Professors have it easy?

December 13th, 2004

Actually, no we don’t. I sometimes hear people say, or see them write in an online forum, that university professors have it easy. They say that we get a job for life and only have to teach a class or two at a time and, gee, isn’t that easy?

Hardly. I haven’t posted here in about six weeks because my original intent was to make longer, thoughtful posts about things going on in my life and the world I’m interested in. I haven’t had the time. I’m going to try to post interesting, thoughtful things but perhaps always not so long.

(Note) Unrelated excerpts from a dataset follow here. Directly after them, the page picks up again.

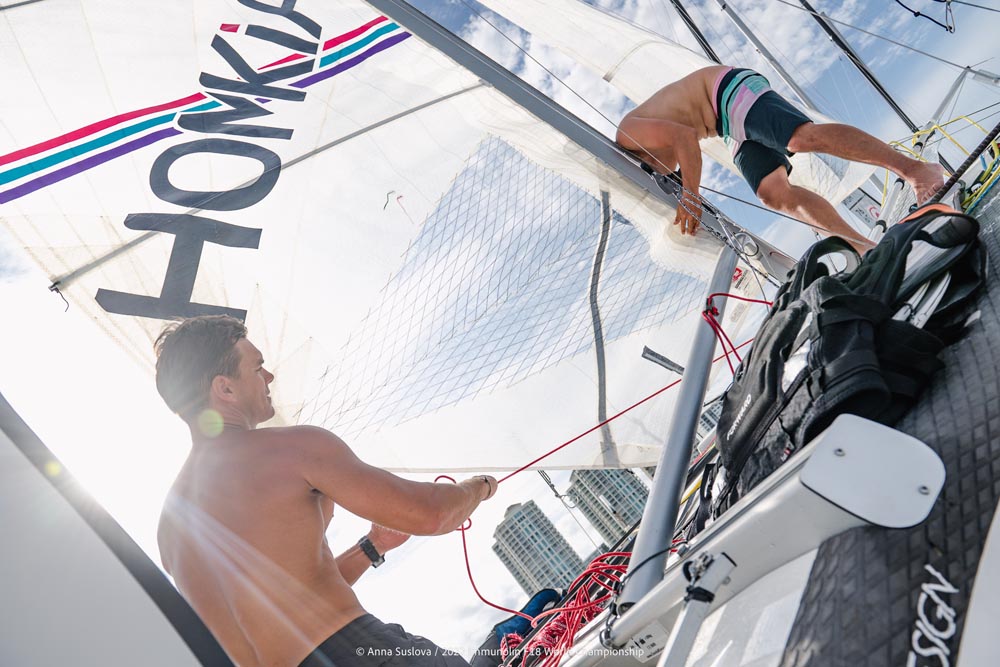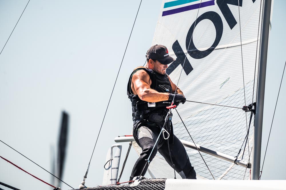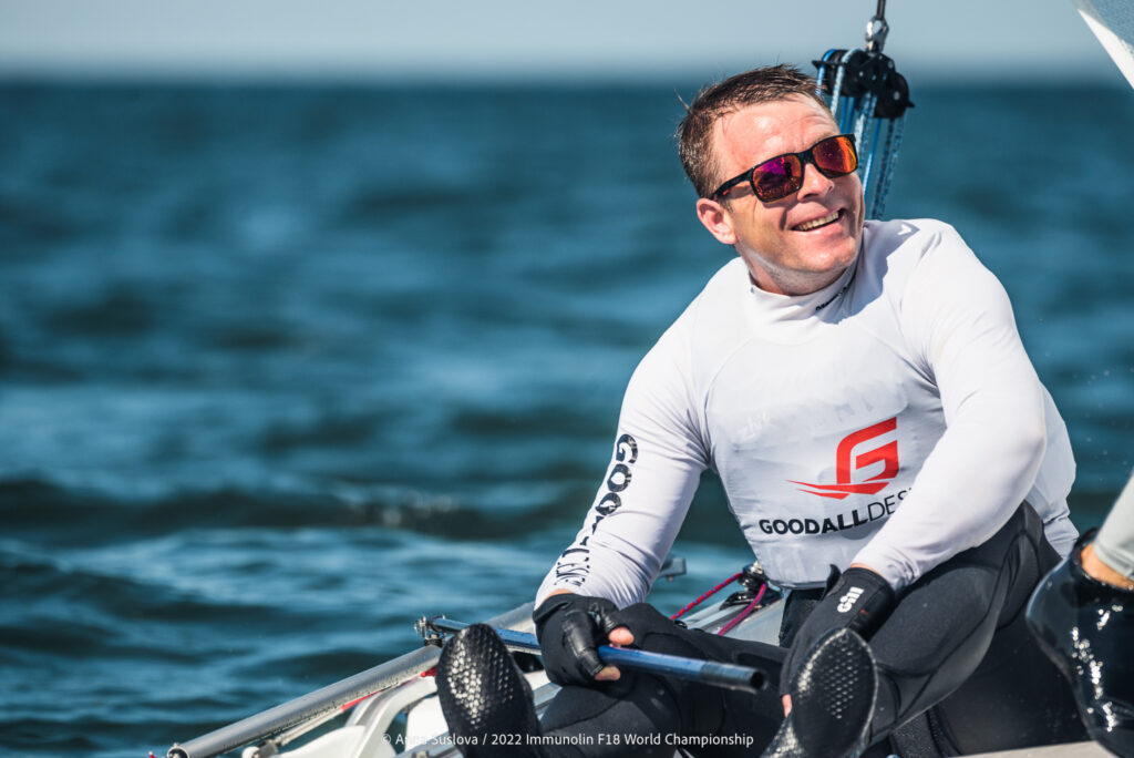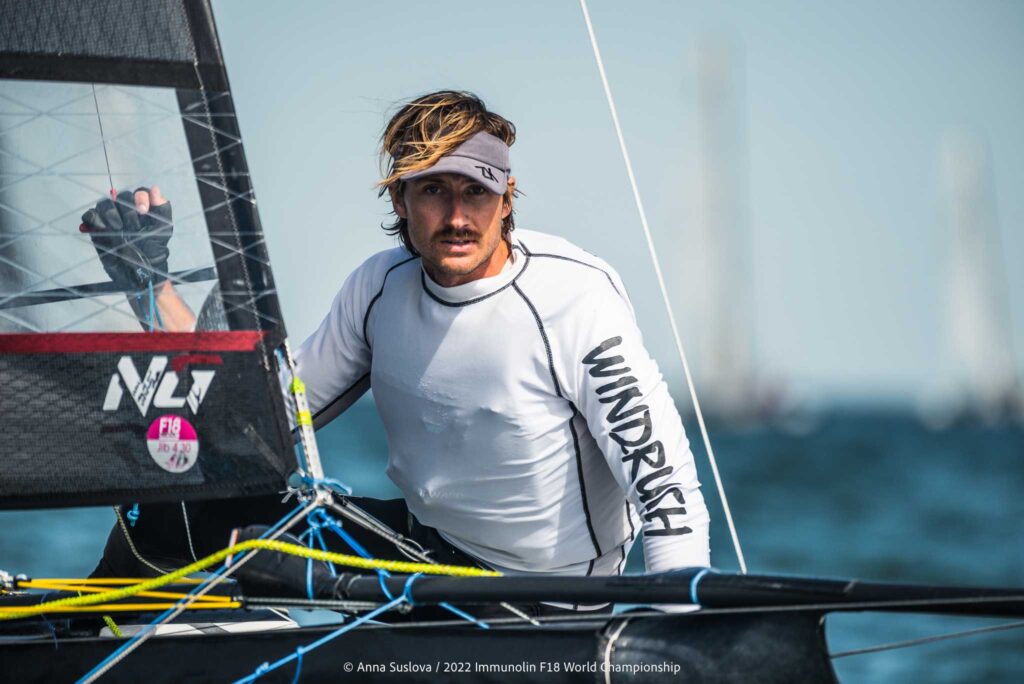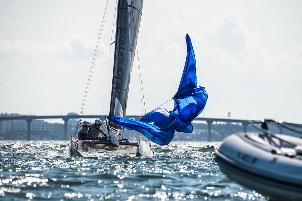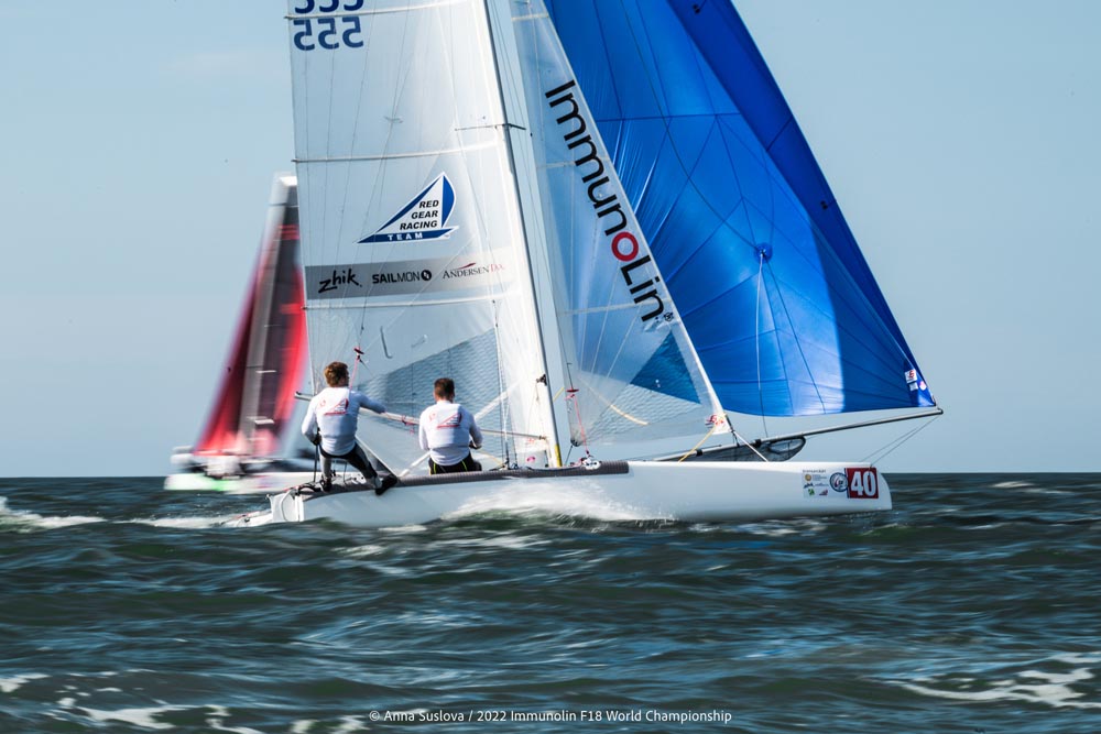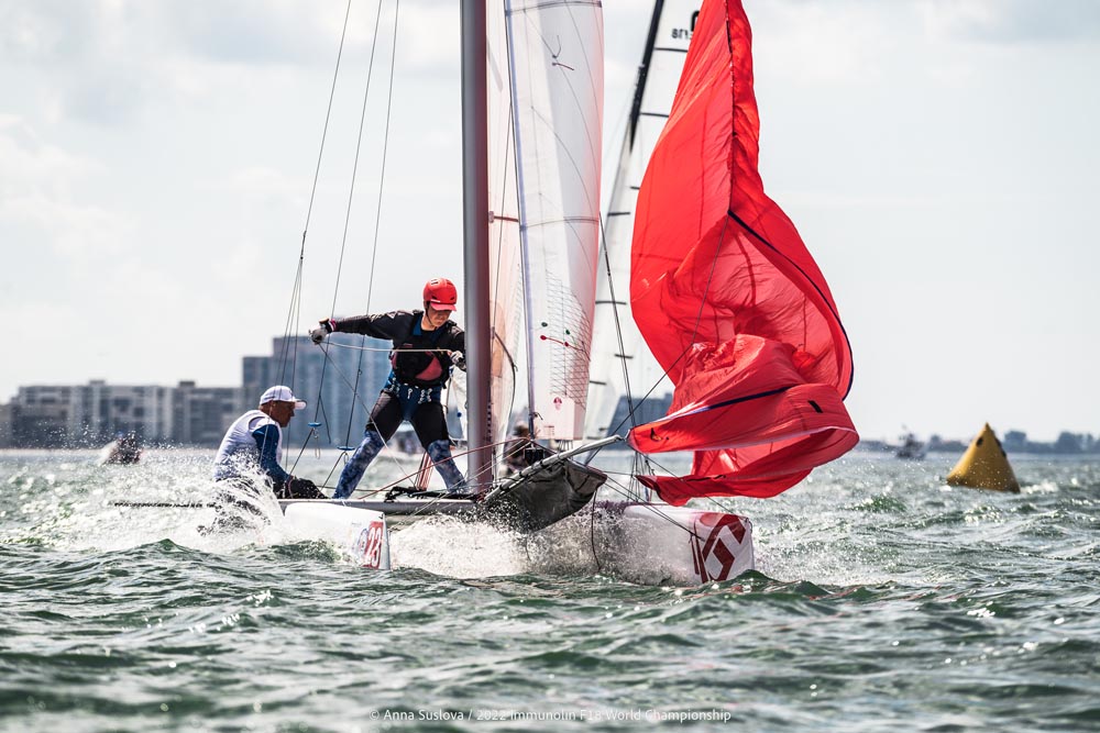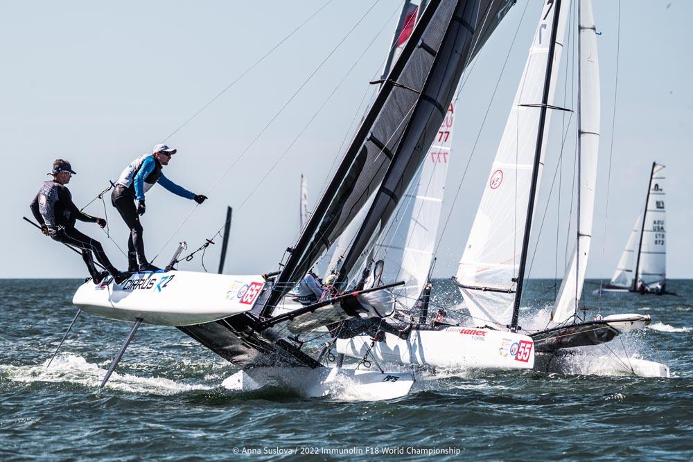 Saturday’s earlier start time at the 2022 Immunolin F18 World Championship gave competitors a four-race day in various winds. The top 5 in the provisional standings are in a tight fight to win the title tomorrow, Sunday, October 16, the last day of racing. You’ll want to follow the live tracking and scoring race by race. The first warning time is at 1000 hours on Sunday.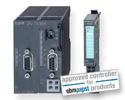 The CP-040 communications processor in the SLIO system and the CP240 in the 200V system are both ideally suited for integrating ebm-papst GreenTech EC fans into external control systems. The MODBUS-RTU protocol is used as the transfer protocol. In the 200V system, transfer is routed via the integrated RS485 interface (model number CPU 214SER). In the SLIO system it is routed via the optional RS485 module (article number VIPA CP-040-1CA00).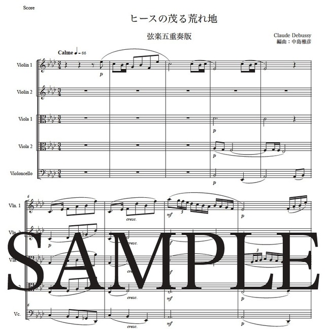 ドビュッシー「ヒースの茂る荒れ地」弦楽五重奏版 コンビニプリント対応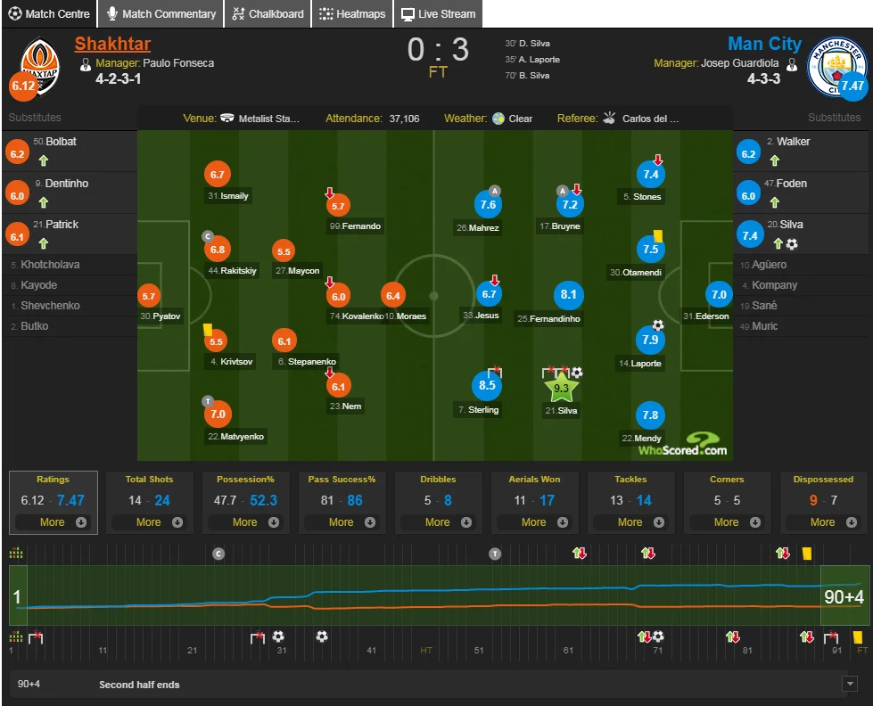 Шахтар – Манчестер Сіті: Сілва став найкращим гравцем матчу, Кривцов і Майкон – найгірші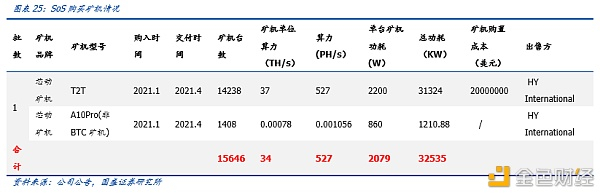 2021年1月,公司继续购买6440台Canaan AvalonMiner 1246,到2021年底全部部署后,算力将增加到估计的1229 PH / s。公司新目标是到2021年底达到2000 PH/s。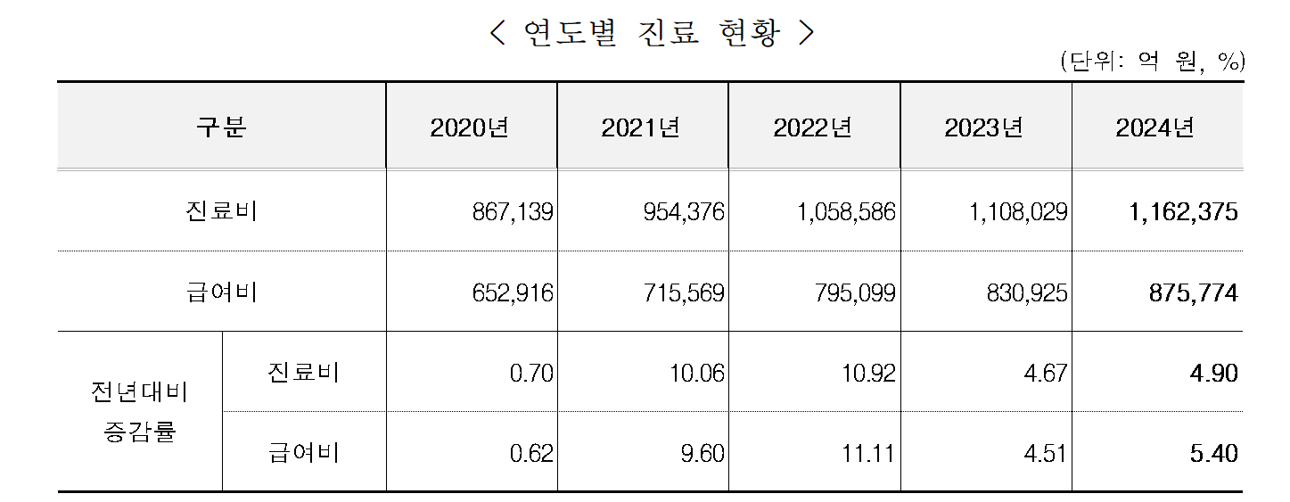 건강보험 진료비 116조 전년대비 4.9% 증가…진료비 75% 차지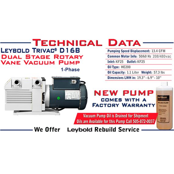 The Leybold D16/D 16 B Trivac are durable vacuum pumps with a superior vapor handling capability. The Leybold D16, D16B dual stage rotary vane mechanical vacuum pumps offer an excellent ultimate pressure of 1x10-4 Torr. These pumps are commonly used for vacuum furnace evacuation, backing turbomolecular pumps, backing diffusion pumps, rotary evaporation, refrigeration system evacuation, epoxy degassing, vacuum sterilization, backing mass spectrometers, freeze drying, vacuum centrifugal applications, vacuum distillation, space research, and other vacuum processes. These Leybold D16/D16B vacuum pumps have a pumping speed displacement of 13.4 CFM. This pump comes with a manufacturer's warranty. Parts, oils and accesories for this pump are located on this website. These Leybold D16B rotary vane vacuum pumps part number 898698 operate on 1-Phase, 115/208-230 VAC, with voltage option chosing from the two power cable options as follows: 115 VAC (P1012695) and 230 VAC (P102696).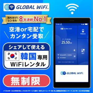 韓国 WiFi レンタル データ無制限 1日1,100円 4G LTE 海外 WiFi ルーター wi-fi ポケットwifi ワイファイ globalwifi グローバルwifi 1日間 2日間 3日間〜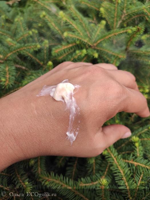 Нежный крем хорошо распределяется, легко впитывается, придаёт приятное ощущение бархатной кожи без липкости и жирного блеска"
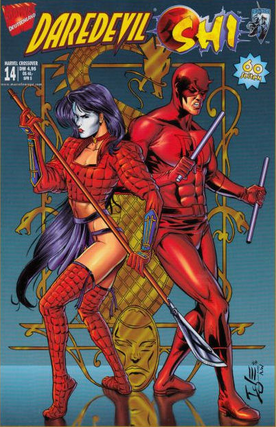 Daredevil and Wolverine have both met Shi, who in turn has met Wildstorm's Grifter, Warren's Vampirella and Top Cow's Cyblade; this last crossover also saw the two heroines interacting with dozens of other characters from independent comics, including but not limited to Cerebus, Omaha the Cat Dancer, Eudaemon, Milk and Cheese, Wolff and Byrd, Hellboy, Kabuki, Samaritan from Astro City (the only confirmed link to the rest of the Omniverse for Astro City that I know of), Usagi Yojimbo, Scud the Disposable Assassin, Megaton Man, the Tick, Mr. Spook from Beanworld, Cascade from Sovereign Seven, and Fone Bone from Bone. Importantly as it provides a link to an otherwised orphaned reality, Shi has also met Peter David's Fallen Angel. And through the Fallen Angel the Omniverse gets a solid link to Joss Whedon's Buffyverse, as the Fallen Angel has met Illyria in what is presumably a merger crossover. |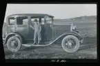 Ett sällskap porträtterat vid en bil. "Fridas släktingar från Dunker, foto 1924."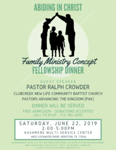 Join us as we celebrate what God is doing to restore families and healthy relationships in our community through discipleship. Our theme is Abiding in Christ. We’ll have testimonies, food, and fun!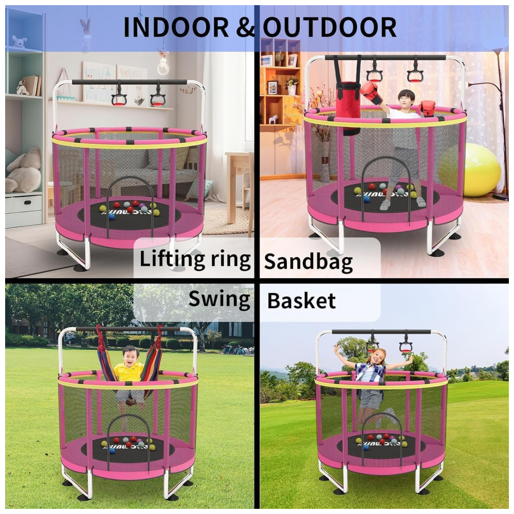 A mola de tambor de cintura grossa é personalizada e duradoura sem deformação, proporcionando segurança para as crianças em ambientes internos e externos. O trampolim é fácil de montar e inclui acessórios gratuitos, como argolas, balanços, sacos de areia, bolas oceânicas e cestos, para proporcionar mais diversão para seus filhos enquanto saltam.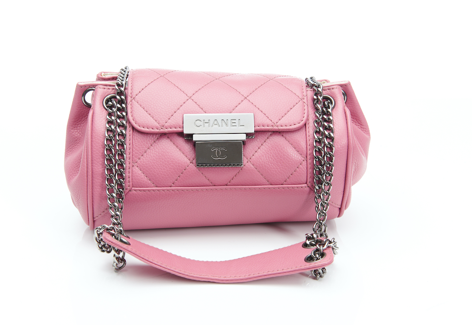 Styled in pink leather with signed silver metal clasp and oxidised chain and leather strap, 13 x 18 x 3cm.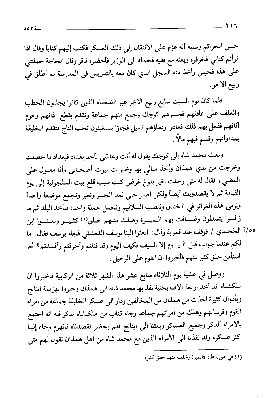 ووصل في عشية يوم الثلاثاء سابع عشر هذا الشهر ثلاثة من الركابية فأخبروا ان ملك شاه قد أخذ أربعة آلاف بختية نفذ بها محمد شاه إلى همذان وخبروا بهزيمة أينانج وبأموال كثيرة أخذت من همذان من المخالفين ودار إلى عسكر الخليفة جماعة من أمراء القوم وفرسانهم وهلك من أمرائهم جماعة وجاء كتاب من ملك شاه يذكر فيه أنه اجتمع بالأمراء ألدكز وجميع العساكر وبعثنا إلى أينانج فلم يحضر فقصدناه فانهزم وجاء إلينا أكثر عسكره وقد نفذنا إلى الأمراء الذين مع محمد شاه من أهل همذان نقول لهم متى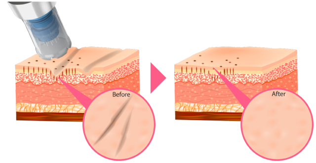 瘢痕組織を再構築し、凹凸のある肌を滑らかに整えます。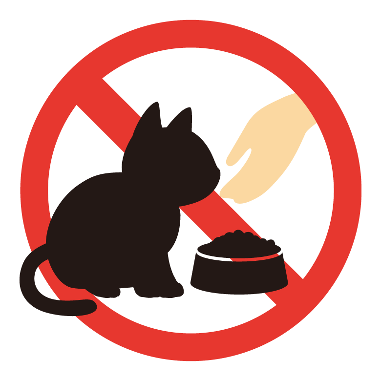 猫へのエサやり禁止の看板や張り紙を作成する際のイラストにいかがでしょうか。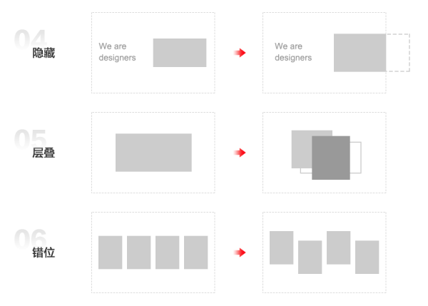 将图形、图片、文字等信息进行层叠,打破传统的左右、上下布局,增加画面的透视与层次关系。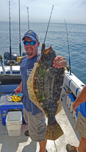 Back offshore. Last 2 trips we did kinda sucked, well strike 3… Had a good weather forecast and we wanted to bail some dolphin on spinners, just like last time right? Wrong… So, thought we had a secret anchored ball out in 35 fathoms that we found last time. It had 2 poly balls and a flyer, long rope to the bottom, the perfect setup that we found a week before. Still should be right where we left it right? Nope… I don’t know where the thing came from or where it went, but she was gone. Not even pulled the throttles back and we go to plan B, swing south, 8 mile run to the Navy buoys, figured we have a shot a dolphin even though we heard they were empty the day before. Well they were right, no fish anywhere. We had live peanut bunkers and they were pretty. Just no damn fish to eat them… OK Plan C, break out the trolling gear and head east until the water does not look like incredible hulk piss. Took about 3 miles and we were in clear water north of the East wall of the Norfolk. Had a wreck in 220ft that we never dropped on so push to that, find it, break out wreck gear and drop. and back up. and drop again. and back up. This is bullshit, not a fish one on this high relief wreck. Back to trolling…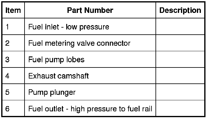 The high pressure fuel pump is a single cylinder pump which meters the fuel pressure according to demand requirements for correct fuel injection. The delivery rate of the fuel pump is adjustable by means of a fuel metering valve which is controlled by the ECM (engine control module).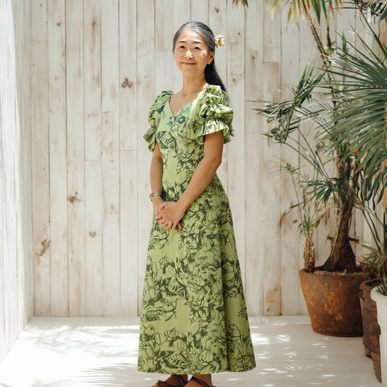 ハワイの老舗ブランドならではの気品あふれるデザインで、挙式参列や特別な日の装いにもふさわしい上質な一着です。
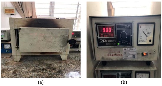 High-temperature test setup []. (a) High-temperature electric furnace. (b) Electric furnace temperature controller.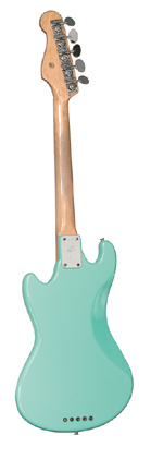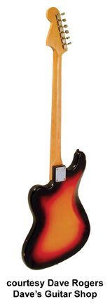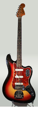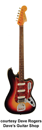 BASS VI (U.S. MFG.) | - offset double cutaway asymmetrical ash body, bolt-on maple neck, 21-fret rosewood fingerboard with pearl dot inlay, six-on-one-side tuners, floating bridge/vibrato with bridge cover, tortoise/metal or white pickguard, three single coil exposed pickups with metal rings, two knobs (v, tone), four slider switches (one on/off switch for each pickup and one low cut switch), chrome hardware, available in Sunburst or custom colors finishes, mfg. 1961-1975. |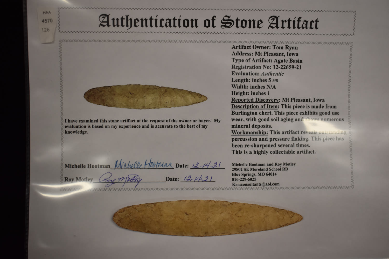 5 3/8″ Agate Basin, Motley COA-Extremely Thin, Mt Pleasant Iowa Area, Very Well Made.

After Milehicon, I’ve been observing at WIRO (our local observatory), written a grant proposal to the National Science Foundation, reviewed about 50 proposals to NASA’s Infrared Telescope Facility (IRTF), flown to Orlando for the IRTF review meeting, hit Universal Studios and Epcot Center with my wife for a breif vacation, gotten sick, advised a dozen students about their courses, mentored 3 students in their research, written peer teaching evaluations for three other professors, and, oh yeah, taught a graduate level course on galaxies and cosmology. No one just teaches a grad level course without a lot of preparation. Lots of late nights, but things got done, mostly, at a level I was satisfied with.

Except the blog.

Anyway, in coming weeks, expect to hear about an anthology I’ve proposed to the National Science Foundation to support introductory astronomy, the release of Star Dragon in paperback and as an e-book (available for free from the website here), my plans for teaching astrobiology in the future, and more. My next big event will be the American Astronomical Society meeting in San Diego the second week of January. I’ll be presenting a paper on the astronomy anthology, and Greg Benford will be speaking, both in support of a special session “Astronomy and the Humanities” organized by Andrew Fraknoi. The paperback will be out, too, and I’m trying to line up an event at Mysterious Galaxy.

Finally, I’ll try to post about the novel writing process. I got my revision instructions from my editor at Tor for the new book, and it’s going to be a fair amount of work yet. That’s okay — I expected to do some work, and I trust my editor. The book will improve significantly before it’s published.